Task statement:
Within the lines below, the span from the line with "Vlies Fototapete - Kompass" to the line with "Stunning mountain views", both ends included, is to be reproduced exactly, with pictures omitted.

----------

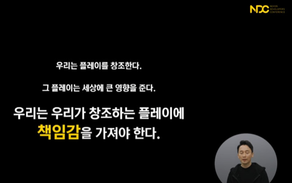 게임 개발자는 ‘플레이’를 만든다. 이 ‘플레이’는 세상에 큰 영향을 준다. 그래서 개발자가 창조하는 ‘플레이’에 책임감을 가질 필요가 있다. 그는 마지막으로 “우리가 만드는 플레이가 과연 사람들을 무의미한 행복으로 몰아넣는 그런 경험인지, 디지털 현실을 통해 우리가 좀 더 강해질 수 있는, 좀 더 커다란 행복을 줄 수 있는 무언가를 만들고 있는 것인지 함께 생각을 해보자”라고 말했다.
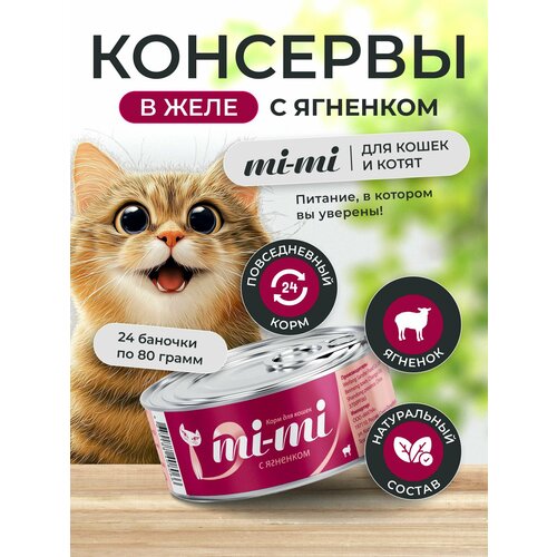 Консервы для кошек и котят Mi-Mi с Ягненком, кусочки в желе 80г, 24 шт.
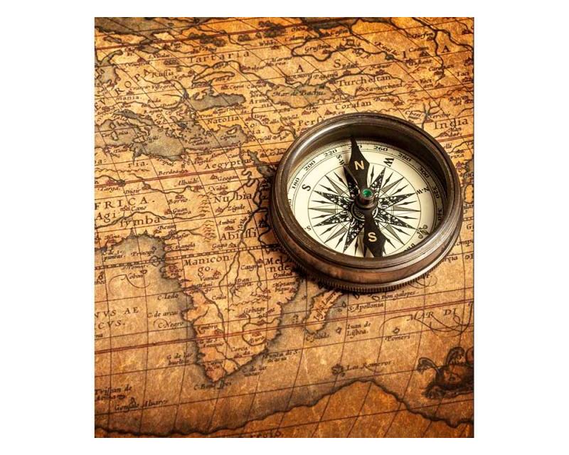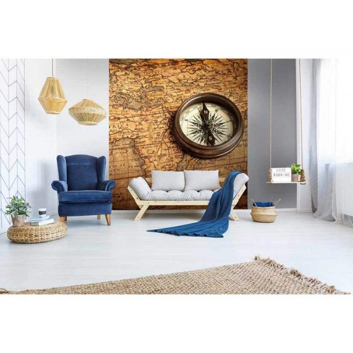 Vlies Fototapete - Kompass und Karte 225 x 250 cm
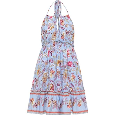 Summer dress with floral print Made from soft viscose With bindable spaghetti straps Plunging back plunge Ruffle at skirt hem
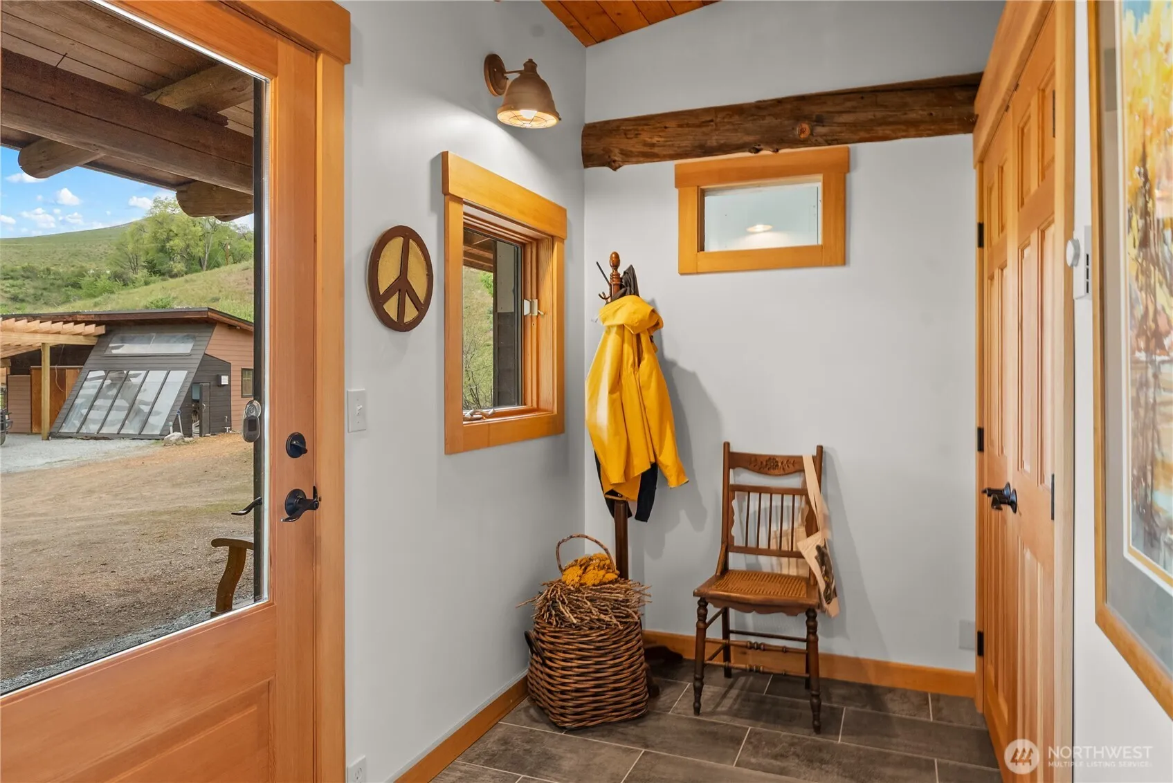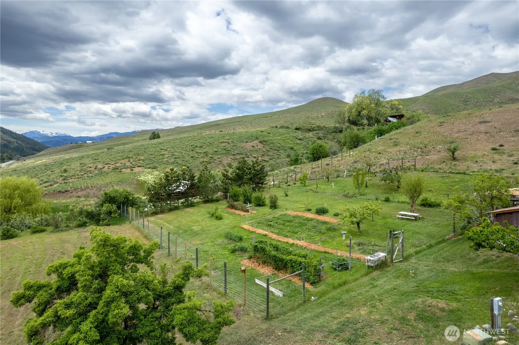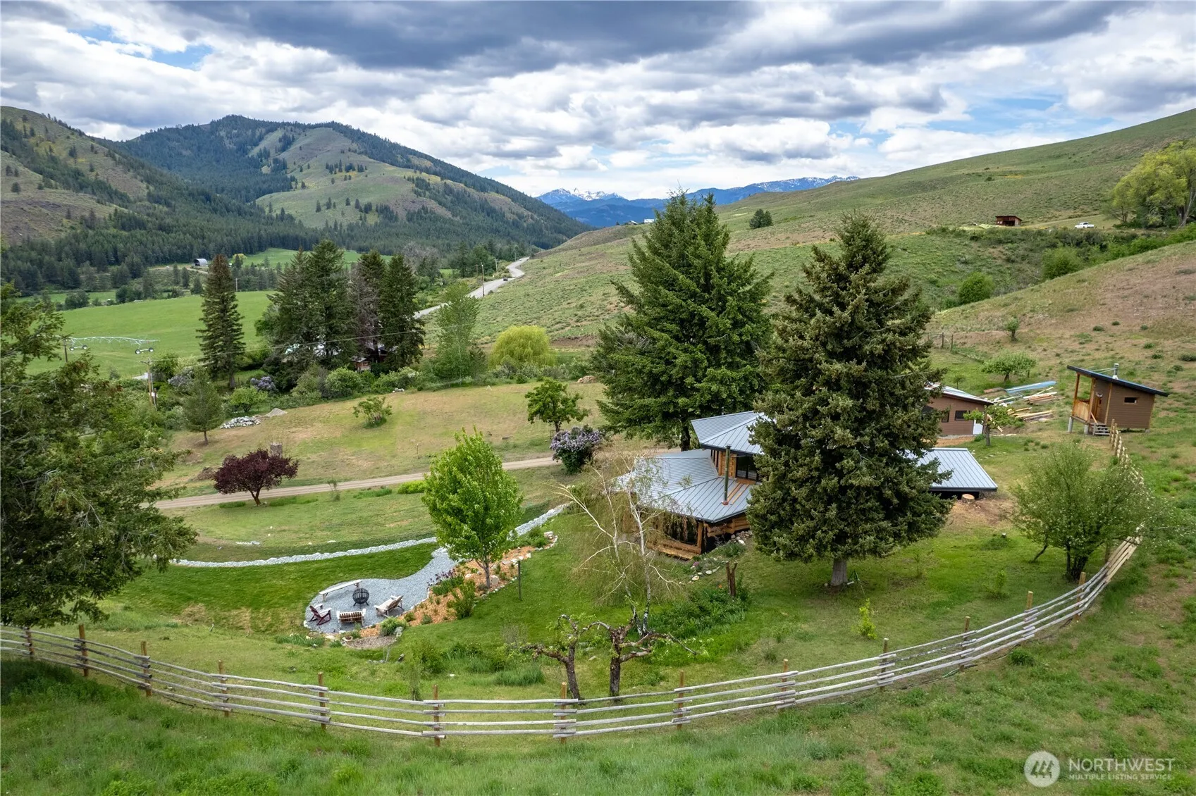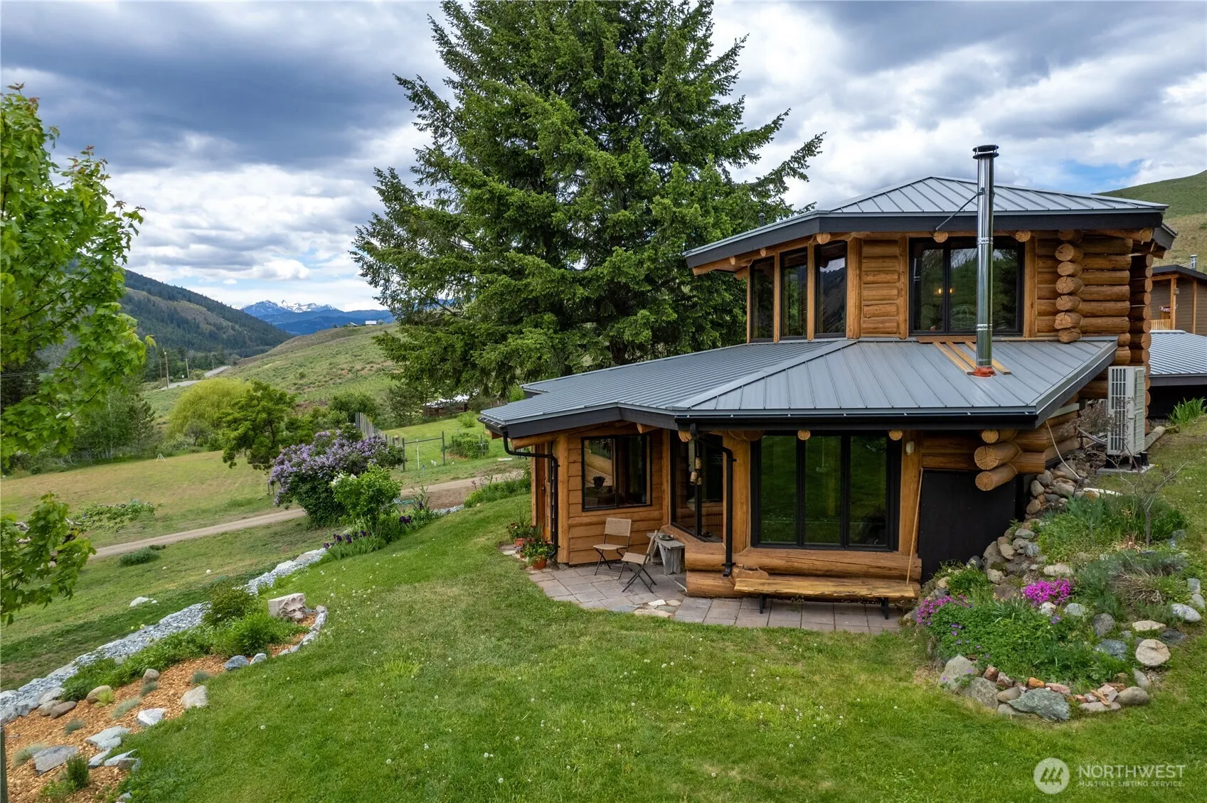 Stunning mountain views and desirable Twisp River Rd location 3.5 miles from Twisp. Charming 2 bedroom, 1 full bath, log home updated for modern living in 2024. Updates include new roof, mini split heat pump, hickory floors, appliances, and complete log renovation with new chinking inside and out. The property has 8+ acres of prime garden and grazing land set on a south-facing slope, landscaped with rock walls and patios, berries and flowers, mature fruit trees and adjacent public land for easy hiking. 2 car garage, green house, sauna, great storage/shop complex, PLUS adorable 1/1 guest cabin. Private well, shared well and irrigation ditch rights keep this property green and firewise.
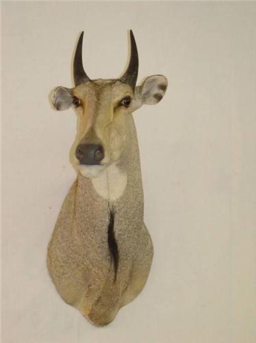 INDIAN NILGAI SHOULDER MOUNT W/ 7" HORNS - WEAR & IMPERFECTIONS;
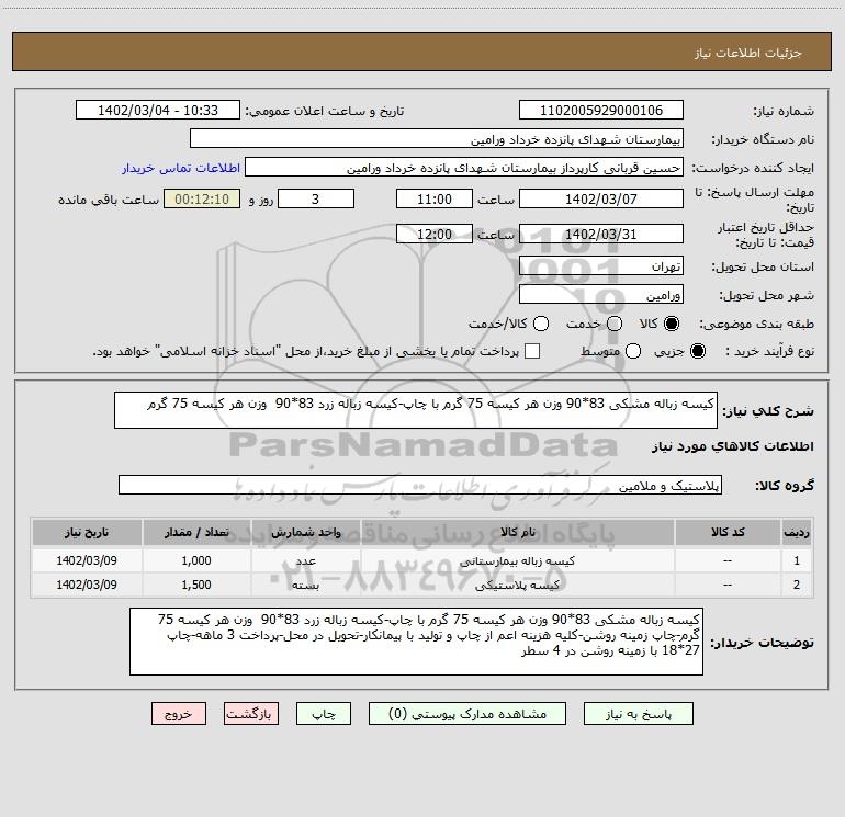 شرح کلی نیاز: کیسه زباله مشکی 83*90 وزن هر کیسه 75 گرم با چاپ-کیسه زباله زرد 83*90 وزن هر کیسه 75 گرم

----------

Answer to this problem:
 Vlies Fototapete - Kompass und Karte 225 x 250 cm
 Summer dress with floral print Made from soft viscose With bindable spaghetti straps Plunging back plunge Ruffle at skirt hem
 Stunning mountain views and desirable Twisp River Rd location 3.5 miles from Twisp. Charming 2 bedroom, 1 full bath, log home updated for modern living in 2024. Updates include new roof, mini split heat pump, hickory floors, appliances, and complete log renovation with new chinking inside and out. The property has 8+ acres of prime garden and grazing land set on a south-facing slope, landscaped with rock walls and patios, berries and flowers, mature fruit trees and adjacent public land for easy hiking. 2 car garage, green house, sauna, great storage/shop complex, PLUS adorable 1/1 guest cabin. Private well, shared well and irrigation ditch rights keep this property green and firewise.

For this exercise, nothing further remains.